Penny: Today, agents use various fragile parsing mechanisms, often visual

Penny: On top of this, models are constantly changing, which also introduces uncertainty

Penny: I suspect we need to go beyond DOM or reading pixels for acceptable success rate

Penny: So the question here is - is ARIA the answer?
… ChatGPT Atlas already uses it

<dom> [slide 4]

Penny: It seems nice to tell developers that they need to get ARIA right
… But the risk is that we may need to tell robots different things to humans
… And we risk degrading the ARIA-driven experience for real humans
… E.g. if we want to lie to the robot, or give more information than a human needs, etc

<dom> [slide 5]

Penny: For example, trashcan icon on application. Does this mean archive, or delete?
… Without clear signals, the agent may wipe data accidentally

Penny: And there's a performance and sustainability problem, pixel scraping is probably a lot more expensive than just looking at the accessibility tree

<dom> [slide 6]

Penny: Onto the discussion. Some question seeds:
… Do we accept the premise?
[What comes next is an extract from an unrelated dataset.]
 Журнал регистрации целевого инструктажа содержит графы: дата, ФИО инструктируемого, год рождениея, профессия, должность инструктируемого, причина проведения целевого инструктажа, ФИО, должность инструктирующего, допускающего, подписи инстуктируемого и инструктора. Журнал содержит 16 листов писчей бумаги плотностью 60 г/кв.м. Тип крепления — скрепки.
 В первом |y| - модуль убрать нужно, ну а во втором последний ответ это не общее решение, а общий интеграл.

Can we achieve 100% reliability just using inference?
… Are we comfortable conflating human accessibility with machine capability?
… Do we need dedicated agent augmentation for HTML markup

<Zakim> mbgower, you wanted to say I launched a small trial balloon in this direction w3c/aria#2046

mbgower: A few years ago at IBM, we had the visual cues for AI material and no way to do it programmatically
… At the time, we wanted some kind of semantic structure to deal with non-accessible related information
… ARIA seemed like an interesting area to bring it up, but at the time ARIA group said it wasn't an accessibility issue, which was somewhat valid

mbgower: I don't believe we will get it 100% by inference. I am concerned with conflation, but I accept it may be necessary.
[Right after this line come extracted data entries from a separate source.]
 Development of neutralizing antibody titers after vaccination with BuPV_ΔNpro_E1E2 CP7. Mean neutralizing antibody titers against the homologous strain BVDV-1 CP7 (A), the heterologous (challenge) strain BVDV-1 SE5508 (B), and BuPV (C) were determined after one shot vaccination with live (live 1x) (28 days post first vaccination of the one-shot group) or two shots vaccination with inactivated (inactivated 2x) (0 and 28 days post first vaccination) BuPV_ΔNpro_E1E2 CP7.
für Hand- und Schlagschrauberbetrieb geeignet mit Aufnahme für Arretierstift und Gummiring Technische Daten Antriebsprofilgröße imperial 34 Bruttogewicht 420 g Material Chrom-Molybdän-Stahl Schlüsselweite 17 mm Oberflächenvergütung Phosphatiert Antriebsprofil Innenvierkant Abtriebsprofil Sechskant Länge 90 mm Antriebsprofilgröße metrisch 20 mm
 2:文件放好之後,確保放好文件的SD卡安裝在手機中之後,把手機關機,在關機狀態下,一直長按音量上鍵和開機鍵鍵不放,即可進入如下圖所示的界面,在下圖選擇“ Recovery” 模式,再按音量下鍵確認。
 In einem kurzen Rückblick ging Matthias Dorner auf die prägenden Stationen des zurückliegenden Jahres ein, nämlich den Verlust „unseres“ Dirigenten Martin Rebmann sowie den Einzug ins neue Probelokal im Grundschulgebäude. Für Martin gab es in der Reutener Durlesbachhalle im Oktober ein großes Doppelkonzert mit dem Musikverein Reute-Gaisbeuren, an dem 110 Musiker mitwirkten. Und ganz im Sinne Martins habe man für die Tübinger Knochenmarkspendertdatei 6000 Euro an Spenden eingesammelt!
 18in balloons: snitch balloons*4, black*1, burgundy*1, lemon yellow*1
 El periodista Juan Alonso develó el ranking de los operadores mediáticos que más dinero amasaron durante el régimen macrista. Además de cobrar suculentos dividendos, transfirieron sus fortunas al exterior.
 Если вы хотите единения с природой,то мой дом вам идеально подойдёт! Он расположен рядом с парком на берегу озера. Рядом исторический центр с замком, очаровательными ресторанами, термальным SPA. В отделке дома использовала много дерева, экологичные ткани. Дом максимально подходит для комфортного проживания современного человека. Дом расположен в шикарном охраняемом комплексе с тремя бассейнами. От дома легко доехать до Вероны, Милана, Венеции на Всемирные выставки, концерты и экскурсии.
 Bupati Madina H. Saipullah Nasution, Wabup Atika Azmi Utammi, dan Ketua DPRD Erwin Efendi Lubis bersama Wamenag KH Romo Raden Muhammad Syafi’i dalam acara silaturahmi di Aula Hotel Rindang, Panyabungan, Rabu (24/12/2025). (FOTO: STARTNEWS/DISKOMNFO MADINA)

ErikAnderson: I as a human cannot get 100% reliability, but I take responsibility and/or blame the site for bad design
… I think its important we do something here to help agents get closer to 100%

Penny: I think there's an analogy to self-driving cars - the bar is higher than for humans
… I think its similar for agents on the web

benvds: Very interesting + important. On representing things differently between agents and users is possibly dangerous. Lying to agents becomes an attack, can lead to differences in serving.
… I also like labelling semantics as destructive vs mutating but reversible

wendyreid: One big problem we already is how context drives interpretation, e.g. edit icon on one site could be highlight on another. Accessibility when done well helps with that (e.g. via labels) but we cannot rely on that today for humans
… I do love the point of us having a higher bar, however

ack

Isaac: Is the question here reliability for b2c or b2b? There's a trade off where we might accept less reliability to be able to achieve things that humans cannot

Penny: Agree. Hopefully nobody is trusting agentic systems in a life or death situation. But in terms of money, there's a lot more flowing in b2b or b2c scenarios. So imagine an agentic based clearing house, what happens there if we don't have 100% certainty.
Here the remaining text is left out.